• **Data for this exercise**
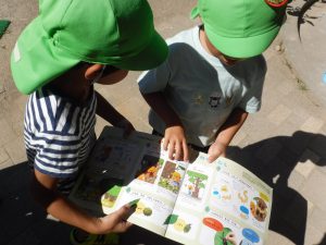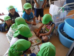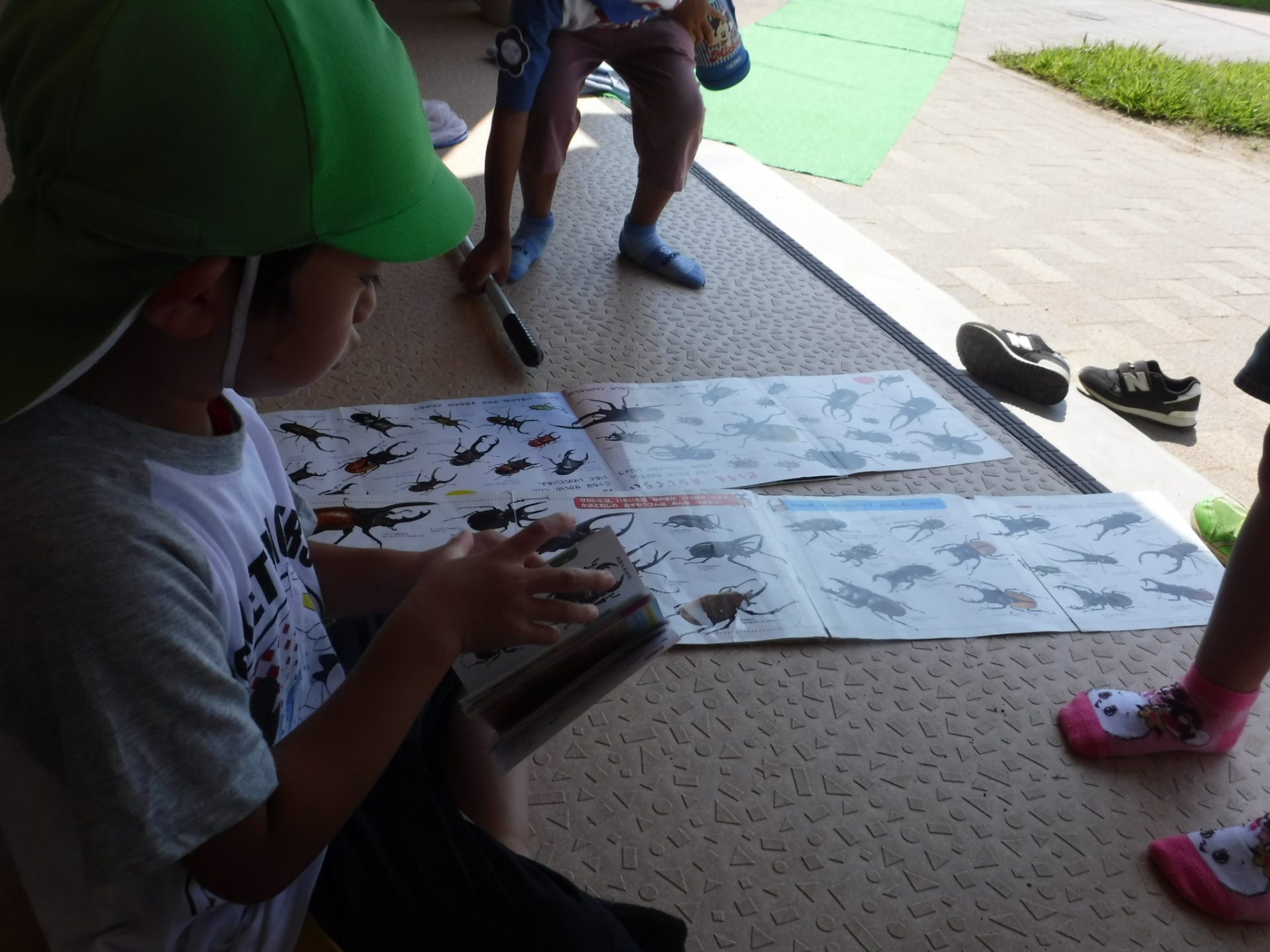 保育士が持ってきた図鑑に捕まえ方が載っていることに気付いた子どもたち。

---

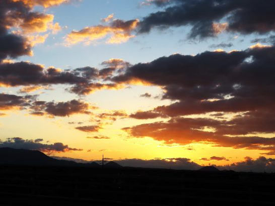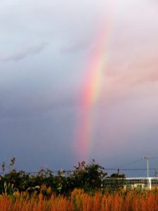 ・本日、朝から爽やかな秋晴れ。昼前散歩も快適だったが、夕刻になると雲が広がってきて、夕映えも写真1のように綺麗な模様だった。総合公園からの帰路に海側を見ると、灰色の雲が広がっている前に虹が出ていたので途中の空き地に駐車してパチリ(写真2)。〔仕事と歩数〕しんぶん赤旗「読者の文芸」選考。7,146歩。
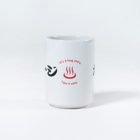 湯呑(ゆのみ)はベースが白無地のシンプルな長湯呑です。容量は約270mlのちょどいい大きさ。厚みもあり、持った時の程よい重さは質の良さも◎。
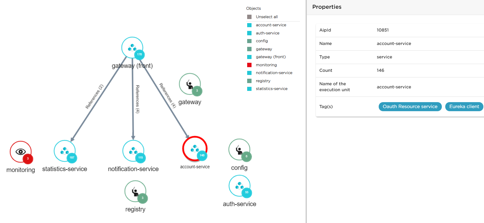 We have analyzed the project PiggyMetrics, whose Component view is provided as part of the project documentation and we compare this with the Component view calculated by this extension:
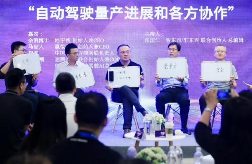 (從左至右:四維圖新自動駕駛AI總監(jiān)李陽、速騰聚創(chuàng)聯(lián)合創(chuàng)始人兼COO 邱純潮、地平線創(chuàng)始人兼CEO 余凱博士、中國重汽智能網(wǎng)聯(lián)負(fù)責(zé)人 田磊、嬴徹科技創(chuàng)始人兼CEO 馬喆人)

==

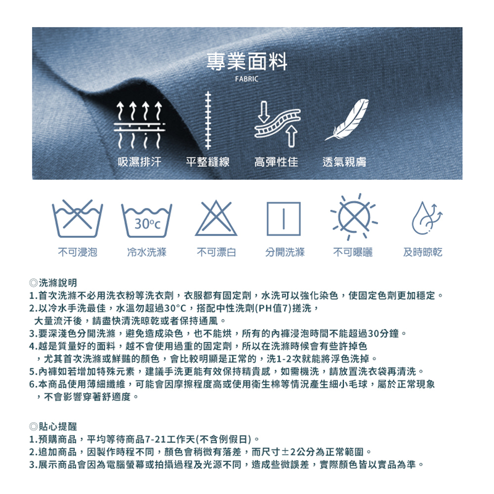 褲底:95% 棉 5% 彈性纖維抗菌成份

• **The task**
Only one part of the listing is wanted: the lines from the one containing "湯呑(ゆのみ)はベースが白無" through the one containing "余凱博士、中國重汽智能網(wǎng)聯(lián)負(fù)責(zé)人 田磊、嬴徹科技創(chuàng)始人兼CEO 馬喆人)", both included. Please transcribe it exactly, leaving out the pictures.

• **Solution to the exercise**
 湯呑(ゆのみ)はベースが白無地のシンプルな長湯呑です。容量は約270mlのちょどいい大きさ。厚みもあり、持った時の程よい重さは質の良さも◎。
 We have analyzed the project PiggyMetrics, whose Component view is provided as part of the project documentation and we compare this with the Component view calculated by this extension:
 (從左至右:四維圖新自動駕駛AI總監(jiān)李陽、速騰聚創(chuàng)聯(lián)合創(chuàng)始人兼COO 邱純潮、地平線創(chuàng)始人兼CEO 余凱博士、中國重汽智能網(wǎng)聯(lián)負(fù)責(zé)人 田磊、嬴徹科技創(chuàng)始人兼CEO 馬喆人)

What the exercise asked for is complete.